Table 1 summarizes the soot zones and their corresponding operational implications. From a maintenance perspective, Zones 3 and 4 are particularly critical.
In addition to the problem itself, a major limitation in this context is the slow and incremental development of the dataset, particularly with respect to the moments of interest. This gradual accumulation of data requires methodological strategies specifically tailored to scenarios of data scarcity and delayed availability.
Given this operational context, the main objective of this study is to develop a supervised learning model capable of predicting, in real time, the expected duration a vehicle will remain within Zones 3 or 4 after entering them. The target variable, duration within a soot zone, is calculated based on historical ECU data by measuring the time difference between the first and last timestamp of each uninterrupted zone occurrence. This predictive insight enables maintenance teams to assess whether a vehicle can safely complete its assigned route or requires immediate intervention.
2.2. Data Collection and Technological Infrastructure
This study was conducted using data collected from a fleet of 164 hybrid diesel buses (
Figure 2), all compliant with the EURO VI-D emissions standard. These vehicles primarily operate in urban environments and are part of a major public transport network.
Data acquisition is carried out through the vehicles’ OBDII systems and integrated telematics diagnostic tools installed across the entire fleet. These electronic systems continuously monitor and record a wide range of variables from multiple ECUs (engine, aftertreatment, HVAC, etc.). Specifically, for the aftertreatment system, up to 99 variables are available, including both direct sensor measurements, such as temperatures, pressures, and NOx concentrations, and internally calculated values, such as the time or distance since the last regeneration event. Key components monitored include the Diesel Particulate Filter (DPF), Diesel Oxidation Catalyst (DOC), Selective Catalytic Reduction (SCR) system, and the ammonia blocker. The sampling frequency of the data ranges from 10 to 30 min, depending on the signal and the operational context.
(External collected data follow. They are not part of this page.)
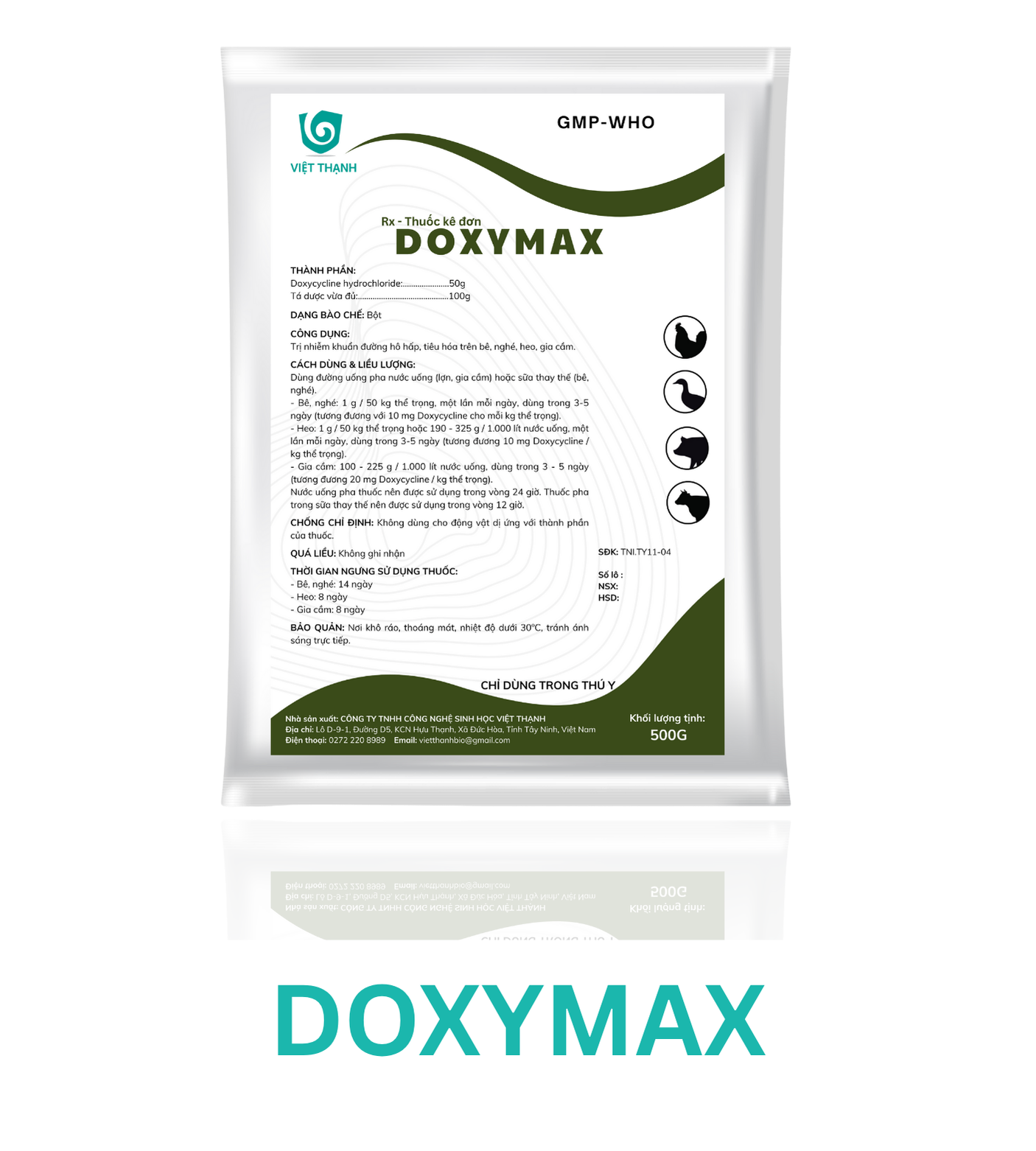 – Gia cầm: 100 – 225 g / 1.000 lít nước uống, dùng trong 3 – 5 ngày (tương đương 20 mg Doxycycline / kg thể trọng).
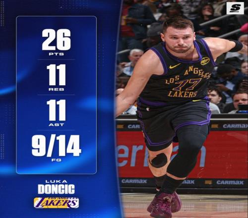 这场比赛湖人面对联盟顶级鱼腩奇才,这支奇才的攻防效率都极差,卢卡-东契奇自然不会浪费这样的机会,首节他就火力全开9中6,三分6中3,狂揽16分7篮板7助攻2抢断的准三双数据。
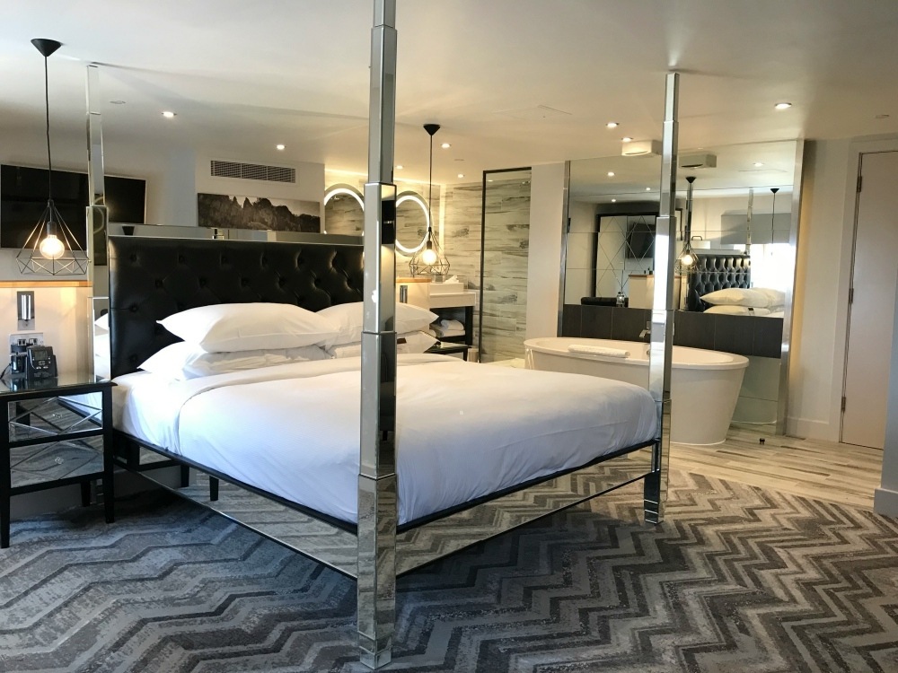 Once our room was ready we headed up to the 5th floor to find our room overlooking the gardens. Walking into our Loft Suite (Room 505) was one of those jaw dropping hotel moments when you think – is this all for me? But then of course, if someone has to play at being a Hollywood movie star, it may as well be you! The Loft Suite is the epitome of modern glamour and the mirrors and black, white and grey theme made me think it might have some 1930’s art decor inspiration.
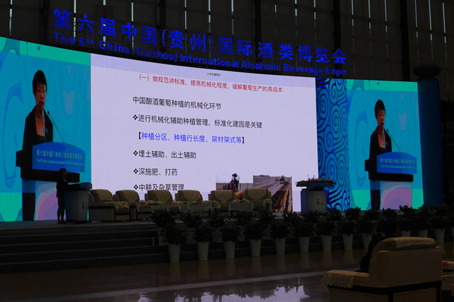 王华院长、胡俊鹏书记应邀参加第六届中国贵州国际酒类博览会暨2016年全球葡萄酒业领袖峰会。中国(贵州)国际酒类博览会以酒为媒,围绕“展示全球佳酿,促进合作交流”主题,为全球的酒业翘楚、学术专家搭建了一个搭建了交流学习,共享理念的新平台。会上,院长王华教授作为葡萄酒界学者代表做了“产业升级让中国从葡萄酒大国转变为葡萄酒强国”的大会报告。王华院长以大量数据,围绕国内葡萄酒产业发展现状、存在问题和国内葡萄酒产业升级的必要性等主要内容进行了大会发言,得到了参加会议的行业人士的高度评价,也接受了葡萄酒行业人士的当面请教和咨询。
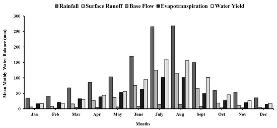 Annual water balance reveals that the maximum rainfall and ET were observed in August, the maximum surface runoff, base flow, and water yield were observed in July (Figure 7), which could be attributed to the initial abstraction losses in the form of soil absorption and evaporation from the basin, thereby reducing runoff contribution. The highest ET was observed in the month of August, which could be attributed to higher evaporation demands owing to higher soil moisture availability. Transpiration plays a key role in the water cycle, especially in our area of study, which is predominantly made up of cultivated crops and forest cover [30].
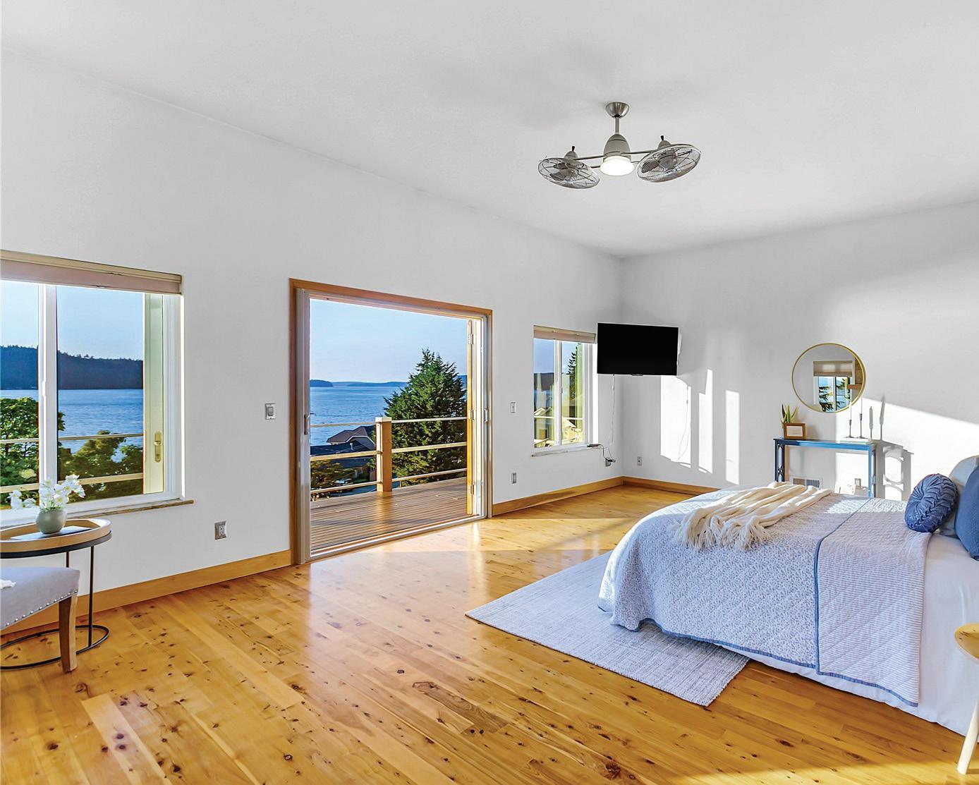 Experience this private Orcas Island home with sweeping water, mountain and village views. Ideally located, offering easy access to Moran State Park, Mt Constitution, lakes, public beaches and shopping in Eastsound. Main floor living offers chef’s kitchen as focal point, with oversized island, top tier appliances; elevated dining area; primary suite that captures views from every angle, modern spa bath, walk-in closets, sitting area-gas/propane fireplace; bonus room, large 2 car garage. Lower level showcases 1 bed/1 bath studio apartment. Upper level includes 2 bed/1 bath and flex space. Custom cabinetry throughout, attention to detail. Enjoy NW year-round with covered outdoor bbq/picnic area, fire pit and patio area located on second tax parcel. This home is as functional as it is beautiful
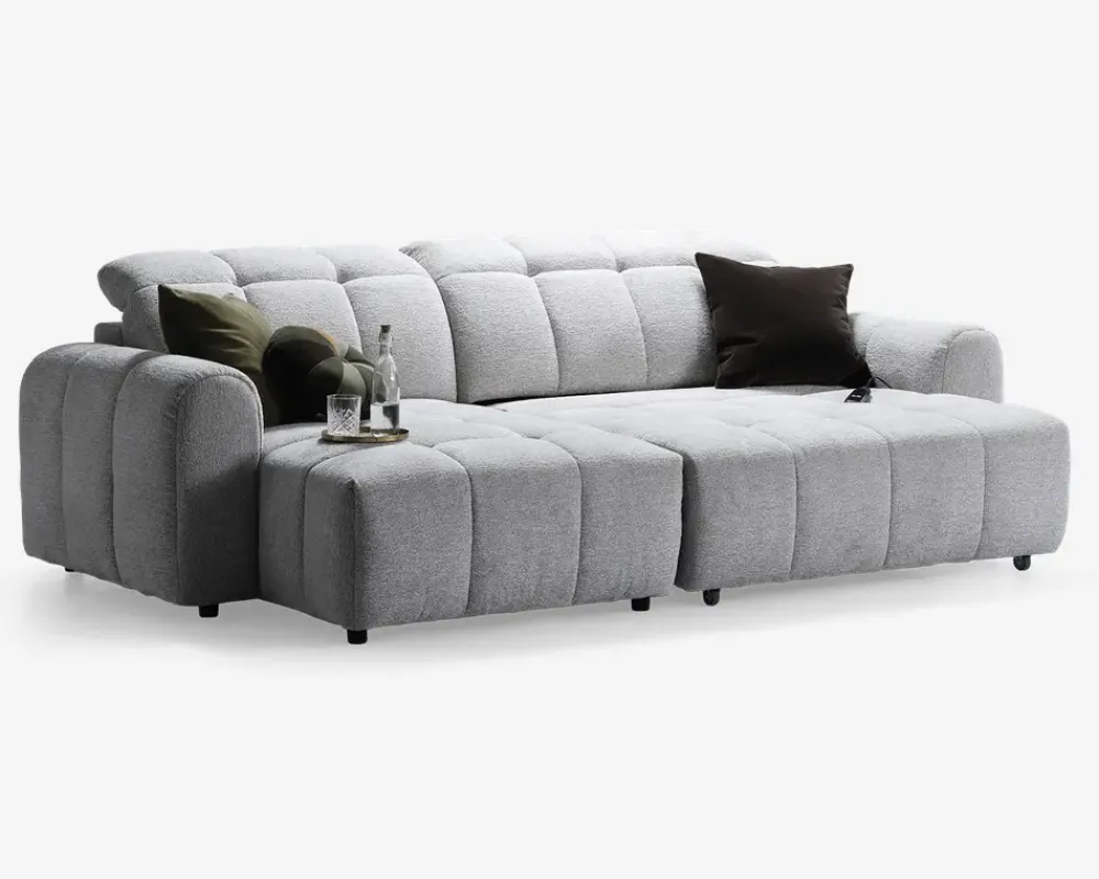 Denne lækre sofa er en rigtig flyder. Med sit elbetjente sæde der kan køres frem og tilbage får man en sofa der virkelig indbyder til hygge med et tæppe og en kop kaffe. Sofaen har en stor chaiselong på 90 cm og den er monteret med blødt og slidstærk møbelstof. I sædehynderne har sofaen en fast og formstabil polyetherskum som er understøttet af nozag fjedre. Dette giver en rigtig dejlig siddekomfort. Sofaen har ydermere justerbare nakkestøtter som er med til at give den gode siddekomfort. Sofaen her er venstrevendt og kan også bestilles højrevendt.• Blødt og lækkert møbelstof• Stor chaiselong på 90 cm• Fast og formstabilt polyether skum i sæde• Med justerbare nakkestøtter• Mål i cm: L. 264 x D. 159 x H.43/98
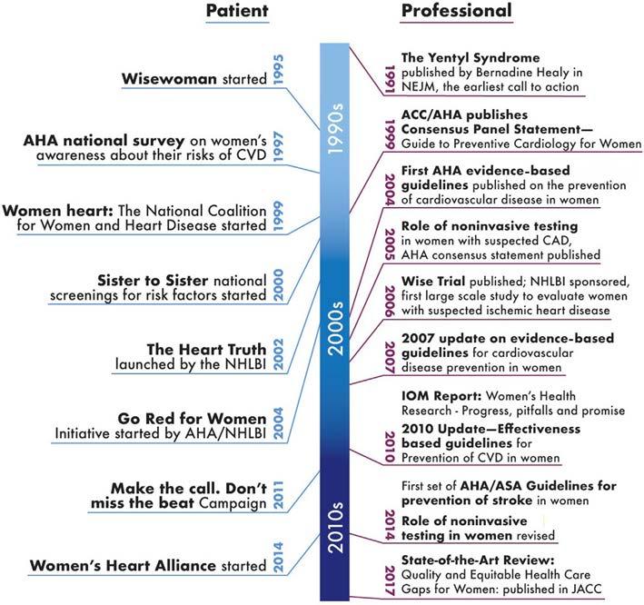 FIGURE 3 Professional and Patient‑Lead Advances Regarding Cardiovascular Disease in Women. ACC, American College of Cardiology; AHA, American Heart Association; ASA, American Stroke Association; CAD, coronary artery disease; CVD, cardiovascular disease; IOM, Institute of Medicine; JACC, Journal of the American College of Cardiology; NEJM, New England Journal of Medicine; NHLBI, National Heart, Lung, and Blood Institute; WISE, Women’s Ischemic Syndrome Evaluation. Reproduced with permission from [13]
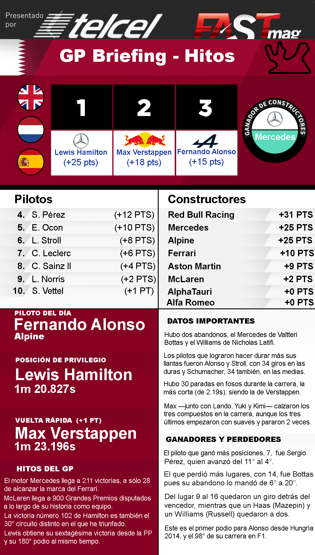 Inicio FÓRMULA UNO GP BRIEFING: Los HITOS y todo lo que dejó el GP de... GP BRIEFING: Los HITOS y todo lo que dejó el GP de Qatar F1 22 noviembre, 2021 No te pierdas los números, las estadísticas, datos curiosos y todos los HITOS del primer GP de Qatar de F1, que fue la 19º fecha del Mundial 2021. PRESENTADO POR TELCEL Artículos relacionadosMás del autor El Rally Durango Express inicia en 2026 su historia en la Sierra Madre Occidental El GT World Challenge Europa arranca en Paul Ricard con victoria de Aston Martin Persiguiendo el Título IndyCar, R4 Alabama -Kirkwood lidera sobre Malukas; Pato, 8°
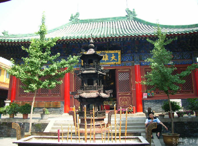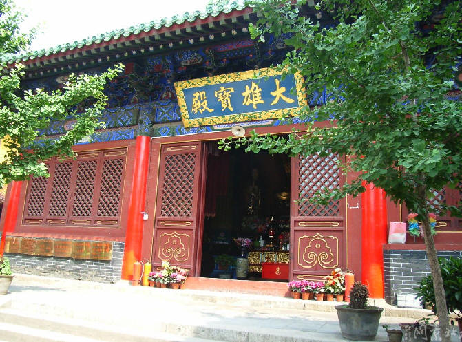 寺的正中为大雄宝殿,大殿建于高一米的砖砌台阶上,面宽三间,覆绿琉璃剪边四坡砌菱形绿琉璃的庑殿顶,殿内正中为释迦牟尼佛和迦叶、阿难两大弟子像,殿内两侧为十八罗汉像。大殿外檐油漆彩画清净庄严,十八罗汉、文殊、普贤、释迦如来及弟子像栩栩如生!
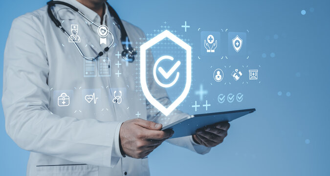 Doctor using digital tablet with health insurance hologram and medical icons on blue background representing modern healthcare technology concept.
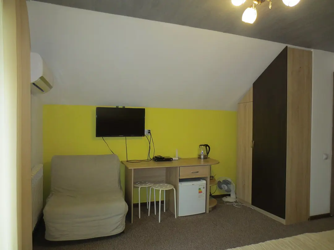Двуспальная кровать, доп.место – кресло-кровать, телевизор, холодильник, чайник, с/у и душевая

Based on prior domain-specific analyses and previous studies focused on DPF regeneration behavior, a predefined subset of variables was selected for this work. Rather than conducting a broad exploratory selection, the study directly leverages the variables known to be most informative for predicting clogging dynamics. These include, among others, the estimated soot content in the filter and operational indicators such as the distance and time since the last regeneration. The complete list of selected variables is summarized in
Table 2.
The telematics and storage infrastructure, provided by a third-party technology supplier, enables the download of data in XLSX format for subsequent processing and analysis. Although data extraction in this study was performed manually, the platform also offers API-based access, which opens the possibility for future integration of real-time and automated data ingestion. This would allow the proposed model to operate in a fully online manner while also supporting continuous validation and updates through scheduled batch retraining. The dataset was processed using Python (version 3.12.7), employing standard libraries such as pandas, matplotlib, and scikit-learn. One key limitation of the dataset is its relatively low sampling frequency of 10 min, which, while adequate for general operational monitoring, may hinder the granularity and precision of certain visualizations and downstream analyses. This constraint originates from the vehicle’s own onboard electronics (OBDII system), as its operational design imposes a limit on the number of requests that can be made per unit of time. Additionally, it does not allow simultaneous data retrieval from different ECUs, further restricting the resolution and synchronicity of the collected signals.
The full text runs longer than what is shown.